Bug #1882067 reported by ptoche on 2020-06-04

This bug report is a duplicate of: Bug #1768330: get_text() doesn't retain semantic separation of two sentences in separate paragraphs. Edit Remove

This bug affects 1 person

Affects		Status	Importance	Assigned to	Milestone
	Beautiful Soup	New	Undecided	Unassigned

Bug Description

The patch below (untested but hopefully safe) removes empty lines left by extract(). See a comparison of output at the bottom. Thanks.

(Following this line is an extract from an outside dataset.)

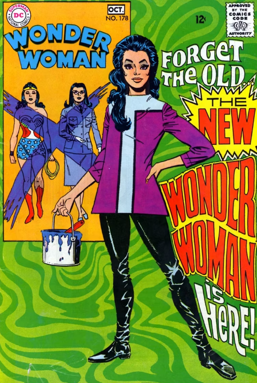 - 1968년 원더우먼의 캐릭터에 대한 주요 개편에는 그녀가 자신의 능력을 포기하고, 무술 전문가가 되고, 의식 의상을 포기하는 것이 포함되었습니다.

from bs4 import BeautifulSoup

def strip_empty_tags(soup, patch=False):
"""
Remove empty tags from a BeautifulSoup object.

Args:
soup (bs4.BeautifulSoup): html content with empty tags

Returns:
soup (bs4.BeautifulSoup): original soup with empty tags removed

    """
    for item in soup.find_all():
        if len(item.get_text(strip=True)) == 0:
            if patch:
                item.extract_patched()
            else:
                item.extract()
    return soup

from bs4 import PageElement

def extract_patched(self, _self_index=None):
"""Destructively rips this element out of the tree.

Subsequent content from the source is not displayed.